=== Dataset entries ===
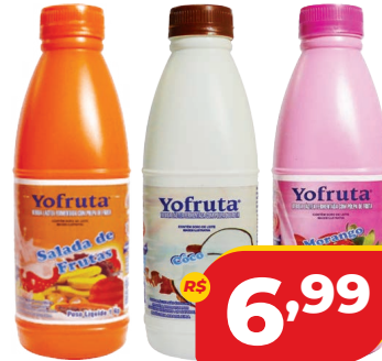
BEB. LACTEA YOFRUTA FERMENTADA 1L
===
=== Dataset entries ===
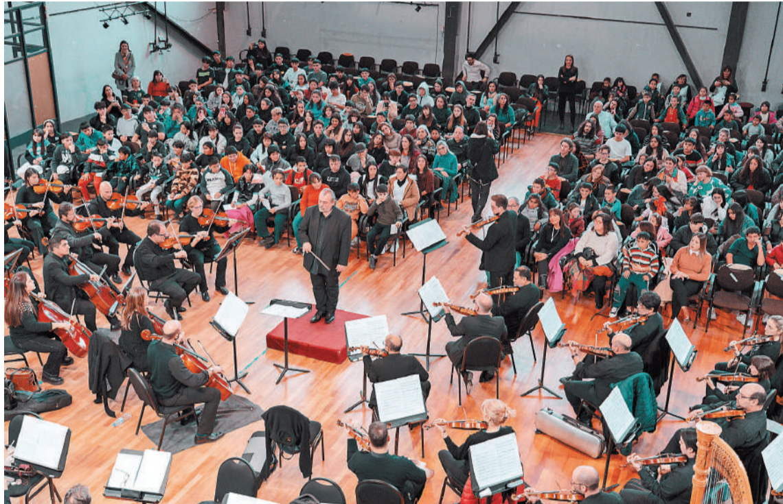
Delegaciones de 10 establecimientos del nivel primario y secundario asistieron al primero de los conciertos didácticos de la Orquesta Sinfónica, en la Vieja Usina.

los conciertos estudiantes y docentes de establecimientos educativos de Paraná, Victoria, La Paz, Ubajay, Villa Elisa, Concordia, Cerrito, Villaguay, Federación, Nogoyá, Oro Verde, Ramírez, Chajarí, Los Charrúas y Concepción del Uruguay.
===
Exercise details: Look through the preceding entries for the word "conciertos". Report how many lines hold it, and only that number.

Result of the task: 2